633 Squadron is loosely based on a true story which makes it interesting to watch, still I would say if you want to see two really great British WWII air combat movies, go for The Battle of Britain or the aforementioned The Dam Busters.

Les femmes de l’ombre aka Female Agents (2008) Women in the Resistance

Not every slick-looking movie with good-looking actresses on the French Resistance is a good movie. Unfortunately not or Les femmes de l’ombre would have been great. Don’t get me wrong, it isn’t bad it’s just not great. If you want an entertaining period drama, this is your movie (ok, there are a some torture scenes that dampen the experience a bit but nice clothes and make-up make up for it). It’s a little bit like Black Book aka Zwartboek but less convincing. The theme would have been interesting and worth dedicating a movie to.

Based on true events, it follows the story of Louise Desfontaine (Sophie Marceau), a sniper with the French Resistance. When things heat up in France she leaves for England and joins the SOE. One day she is contacted by an agent who happens to be her brother Pierre (Julien Boisselier) whom she suspected of being a collaborator. He hires her and four other women to rescue a British spy who has been captured in France by the Germans. The Germans aren’t aware of his identity and think he is German. The women will have to team up, two disguised as nurses, two as exotic dancers (yes, you will see them topless, it’s a French movie) and the fifth will place bombs under German cars.

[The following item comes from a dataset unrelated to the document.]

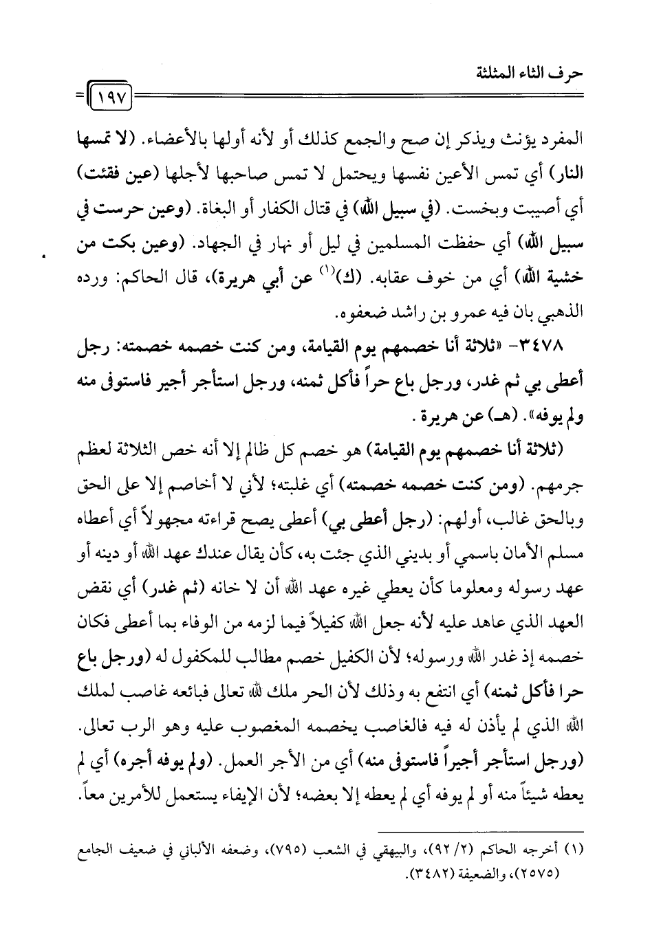 3478 - "ثلاثة أنا خصمهم يوم القيامة، ومن كنت خصمه خصمته: رجل أعطى بي ثم غدر، ورجل باع حراً فأكل ثمنه، ورجل استأجر أجير فاستوفى منه ولم يوفه". (هـ) عن هريرة.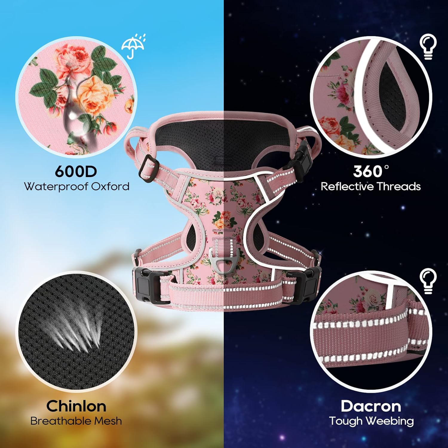 Timos Dog Harness, No-Pull Pet Harness with 2 Leash Clips, Adjustable Soft Padded Dog Vest, Reflective Outdoor Pet Oxford Vest with Easy Control Handle Pink XS

The five women are a composite group, one is an ex-prostitute (Julie Depardieu), one the ex-girlfriend (Marie Gillain) of the Nazi officer (Moritz Bleibtreu) who tries to hunt them down.

What at first looks like a success soon goes awry. Louise’s brother get’s caught and we all know what that means.

The women go back to Paris on another mission and here things goe definitely very wrong as one gets captured and immediately crumbles under torture (one finger nail off and she spits it all out).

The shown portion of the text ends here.